Previous studies have speculated that YAP1 is a transcriptional driver for a rare non-neuroendocrine subtype of SCLC5,6,9 that may emerge during disease evolution11. It has also been suggested that an unbiased hierarchical clustering approach may fail to detect the SCLC-Y subtype7, as YAP1 is expressed in a subpopulation of SCLC cell clusters54,55, representing an intra-tumoral heterogeneity. Nonetheless, we identified SCLC-Y in a minority (6.6%) of clinical SCLC specimens and found that overexpression of activated YAP1 in other SCLC cell line subtypes exerted certain detrimental effects. However, we did not focus on YAP1 in this study, because multiple recent studies have questioned the value of YAP1 as a robust subtype-defining factor in SCLC8,10,56.

Our data suggest that ATOH1 may cause lineage conflict and synthetic lethality when co-expressed with NEUROD1. However, the rarity of ATOH1-driven SCLC and the unavailability of high-quality anti-ATOH1 antibodies have precluded intense research.
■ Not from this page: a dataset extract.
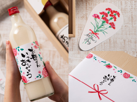 母の日特製熨斗とラベルで特別な装いになった「あまざけギフト」は、カーネーションをあしらったメッセージカード付き。

Future studies may provide additional insights into this relatively unstudied TF in SCLC.

A limitation of this study is that we focused on the cancer-cell-intrinsic effects of lineage-specific TF co-expression, but not on the impact of TF co-expression on immune evasion in our exploration of the mechanisms underlying their mutual exclusivity. However, although immunotherapy plays an important role in the treatment of SCLC, considering that both SCLC-A and SCLC-N subtypes have been associated with limited benefit from immune checkpoint blockade therapy compared with the SCLC-inflamed subtype12, exploration of the consequences of ASCL1 and NEUROD1 co-expression in SCLC cells in the context of antitumor immunity was less of a priority.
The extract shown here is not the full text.